Linguistique / Linguistik :
Sprache und Denken...
Vom Weltmenschen…..
« Ich habe dem Migranten, der gestern aus Erythrea eingetroffen ist und arbeitsbedürftig war, eine anständige und gut bezahlte Arbeit.... » - an dem Punkt, weiß ich immer noch nicht, was der Sprecher oder Schreiber mir sagen will: es fehlt mir die Hauptinformation, die dem Ganzen einen Sinn geben soll. Selbstverständlich kann ich einige Hypothesen formulieren: Soll es « gegeben », « vermittelt », « verschafft » oder gar « abgelehnt », ….sein?
Aber nein, da kommt endlich der Schlüssel: « zugewiesen ». Und nur dieses Wort gibt dem Ganzen den erzielten Sinn: « zugewiesen » heißt es. « Zugewiesen » beinhaltet «geben » selbstverständlich, aber auch « müssen » und deutet auf eine Hierarchie. Es ist nicht einfach « gegeben ».
Kurz: erst das ganz letzte Wort bringt mir die Bedeutung des ganzen Satzes ; und ich muss gespannt bis zum letzten Wort warten, bis ich den Schlüssel bekomme.
Sagen wir das mal auf Französisch.
« J'ai assigné un travail correct et bien payé au migrant qui est arrivé hier d'Erythrée et qui avait besoin de travail. »
Schon beim zweiten Wort « assigné » weiß ich, worum es geht. Was nach dem Verb, der Hauptinformation, kommt, ist nur noch zweitrangige, ergänzende Information.
« Les têtes se forment sur les langages », schrieb zu seiner Zeit Jean-Jacques Rousseau.
Wie oft habe ich beobachten können, wie sich französische und deutsche Teilnehmer bei Besprechungen verhalten. Sicherlich wird das karikaturartig klingen und man darf da nicht generalisieren. Aber es liegt schon etwas dran. In deutschen « ernsten » Besprechungen bemerkt man beim ersten Blick die Aufmerksamkeit, die Konzentration und die Stille der Teilnehmer: klar sie müssen ständig warten, bis am Ende DIE Information kommt, aufmerksam und konzentriert sein. Kein Durcheinanderreden.

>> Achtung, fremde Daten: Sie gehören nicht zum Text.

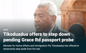 The shocking revelation that Fijian passports have been issued to the children of Grace Road members without official authorisation is rocking the government to its core. But for once, the responsible minister, Pio Tikoduadua, is giving the nation a masterclass in proper conduct vastly at odds with others in the "New Order". Last night, the Home … [Read more...] about # CORRUPTION AT THE HEART OF THE STATE. PART ONE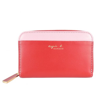 【agnes b】燙金雙色皮革零錢包(紅-85折)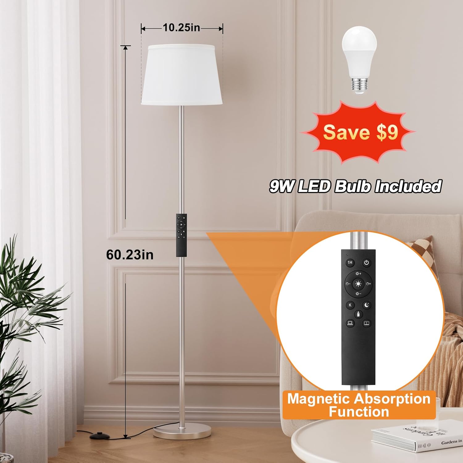 【Upgraded】Floor Lamps for Living Room, Modern Floor Lamp with Remote Control, Dimmable Colors Temperature Standing Lamp Foot Switch, 9W Bulb Tall Lamps for Bedroom Office Kid Room - Silver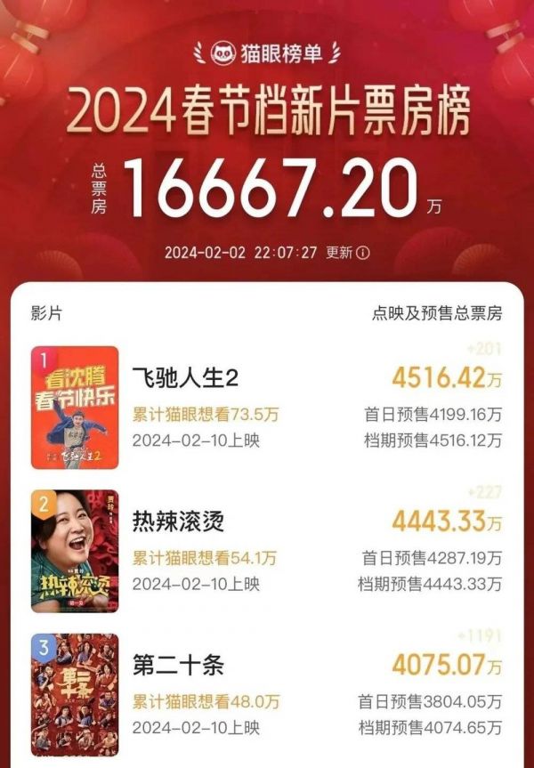 比去年提前两天开启的春节档预售,今天来到第三天,截至毒眸发稿前,春节档总预售票房已经超过1.66亿。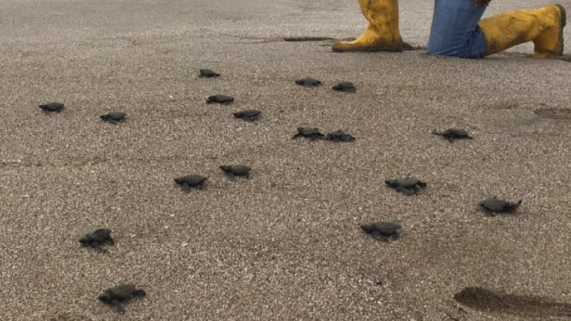 El periodo de eclosión dura de 45 a 50 días, durante este tiempo es posible observar el nacimiento de los neonatos y sus primeros pasos hacia el mar.

Im Französischen weiß ich doch sofort, was kommt. Die Versuchung der Ablenkung ist groß: man schenkt dem Sprecher weniger Aufmerksamkeit, man weiß doch, wo es hingeht. Man flüstert dem Nachbarn etwas zu, man kritzelt auf einem Blatt oder warum nicht, spielt mit dem Handy...

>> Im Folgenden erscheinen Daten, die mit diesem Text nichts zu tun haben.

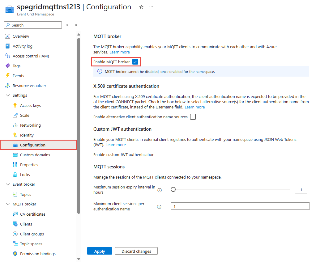 Nella pagina Configurazione selezionare l'opzione Abilita broker MQTT e quindi selezionare Applica per applicare le impostazioni.

Aber dies hat auch tiefer liegende Konsequenzen. Ohne Sprache kein Denken. Sprache prägt das Denken, den Entwicklungsprozess des Denkens, der Gedanken und ihres Ausdrucks. Sprache vermittelt dem Kind, dem Sprachlernenden Denkmuster. Und man versteht wohl, dass der Deutsche mit seinem regressiven Sprachmuster: die verbale bedeutungsverleihende Form am Ende und die anderen Elemente, die sich je nach Wichtigkeit zum Verb nach links ordnen, eine ganz andere Denkweise entwickelt als der Franzose z.B., der die Elemente seiner Formulierung ganz anders ordnet.
Will ich eine Sprache erwerben, so muss ich mich also in diese Denkweise, die der Sprache zugrunde liegt, hinein fügen. “Sprache lernen” bedeutet, sich in einen anderen Code begeben, der bestimmt, wie die Menschen denken aber auch nicht ohne kulturelle Folgen ist. Denn so gesehen ordnet Sprache die Welt desjenigen, der sie spricht; und dieser Welt, die mir fremd ist, muss ich mich anfreunden.
So ist Spracherwerb nicht bedeutungslos. Mit meiner Muttersprache entdecke ich, erobere ich die Welt, in der ich lebe: ich forme die Welt und ich forme mich. Mit einer anderen Sprache trete ich dann in eine neue Welt ein. Mit zwei, drei Sprachen mache ich mir zwei, drei Welten zu eigen und werde zu einem Weltmenschen.